» **Source information**

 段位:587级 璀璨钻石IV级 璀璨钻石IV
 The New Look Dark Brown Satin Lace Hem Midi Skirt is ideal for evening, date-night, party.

* * *

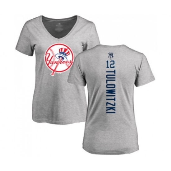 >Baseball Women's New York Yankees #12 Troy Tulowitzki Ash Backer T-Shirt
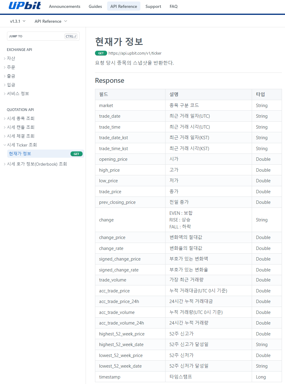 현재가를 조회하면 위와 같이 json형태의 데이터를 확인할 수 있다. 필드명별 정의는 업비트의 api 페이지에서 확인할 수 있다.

» **What you have to do**
Pictures excluded, give again exactly and only the lines of the material above from the line with "Ash Backer T-Shirt" through the line with "현재가를 조회하면 위와".

» **Problem solution**
 >Baseball Women's New York Yankees #12 Troy Tulowitzki Ash Backer T-Shirt
 현재가를 조회하면 위와 같이 json형태의 데이터를 확인할 수 있다. 필드명별 정의는 업비트의 api 페이지에서 확인할 수 있다.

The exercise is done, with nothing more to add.